Are you calling HYPRE_BoomerAMGDDCreate() before the setup?

BenWibking commented 3 weeks ago

Yes: https://github.com/BenWibking/AMG2023/commit/c847960f1bb70df13d004ca42868455b8525313c#diff-ee753cc8c3a9fe01da6eeade8f8b9aee1d4c7485f3f52f2ae2add0a12222111dR560

waynemitchell commented 3 weeks ago

OK, I think I see your issue. The AMG-DD solver object is called amgdd_solver: https://github.com/BenWibking/AMG2023/commit/c847960f1bb70df13d004ca42868455b8525313c#diff-ee753cc8c3a9fe01da6eeade8f8b9aee1d4c7485f3f52f2ae2add0a12222111dR560 but you pass pcg_precond as the preconditioner to CG: https://github.com/BenWibking/AMG2023/commit/c847960f1bb70df13d004ca42868455b8525313c#diff-ee753cc8c3a9fe01da6eeade8f8b9aee1d4c7485f3f52f2ae2add0a12222111dR592 So you aren't passing the correct preconditioner object.

BenWibking commented 3 weeks ago

Ah, ok. I was confused about that. Everything works now.
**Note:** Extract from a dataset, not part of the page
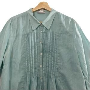 Soft Surroundings Button Up Linen Tunic Womens Large Pin Tuck Long Sleeve

BenWibking commented 3 weeks ago

Does the AMGDD solver work on HIP?

I tried to run it on a single node on Frontier, but I get a segmentation fault (whereas the unmodified AMG2023 runs fine with this build):

Running with these driver parameters:
  Problem ID    = 1

=============================================
Hypre init times:
=============================================
Hypre init:
  wall clock time = 0.000005 seconds
  Laplacian_27pt:
    (Nx, Ny, Nz) = (256, 256, 256)
    (Px, Py, Pz) = (2, 2, 2)

=============================================
Generate Matrix:
=============================================
Spatial Operator:
  wall clock time = 0.977577 seconds
  RHS vector has unit components
  Initial guess is 0
=============================================
IJ Vector Setup:
=============================================
RHS and Initial Guess:
  wall clock time = 0.006108 seconds
srun: error: frontier10190: tasks 1,3,5,7: Segmentation fault
srun: Terminating StepId=2239275.0
slurmstepd: error: *** STEP 2239275.0 ON frontier10190 CANCELLED AT 2024-08-17T15:47:01 ***
srun: error: frontier10190: tasks 2,4,6: Terminated
srun: error: frontier10190: task 0: Segmentation fault (core dumped)
srun: Force Terminated StepId=2239275.0

I built Hypre with ./configure --with-hip --with-gpu-arch=gfx90a --with-MPI-lib-dirs="${MPICH_DIR}/lib" --with-MPI-libs="mpi" --with-MPI-include="${MPICH_DIR}/include" --enable-mixedint

BenWibking commented 3 weeks ago

You can see the full set of changes and the job scripts I used here: https://github.com/LLNL/AMG2023/compare/main...BenWibking:AMG2023:amgdd

BenWibking commented 3 weeks ago

I recompiled Hypre with ./configure --with-hip --with-gpu-arch=gfx90a --with-MPI-lib-dirs="${MPICH_DIR}/lib" --with-MPI-libs="mpi" --with-MPI-include="${MPICH_DIR}/include" --enable-mixedint --enable-unified-memory and now it hangs:

Running with these driver parameters:
  Problem ID    = 1

=============================================
Hypre init times:
=============================================
Hypre init:
  wall clock time = 0.000004 seconds
  Laplacian_27pt:
    (Nx, Ny, Nz) = (256, 256, 256)
    (Px, Py, Pz) = (2, 2, 2)

srun: Job step aborted: Waiting up to 32 seconds for job step to finish.
slurmstepd: error: *** STEP 2239289.0 ON frontier10151 CANCELLED AT 2024-08-17T16:06:09 ***
slurmstepd: error: *** JOB 2239289 ON frontier10151 CANCELLED AT 2024-08-17T16:06:09 ***
waynemitchell commented 3 weeks ago

It should work fine with hip (I just tried AMG-DD via the ij driver on an AMD machine with no issues). Your build looks OK to me. Also nothing is jumping out at me in your changes that would screw up a GPU run... Not sure where the issue is. Can you try running with valgrind? That might be the easiest way to at least diagnose where the segfault is occurring.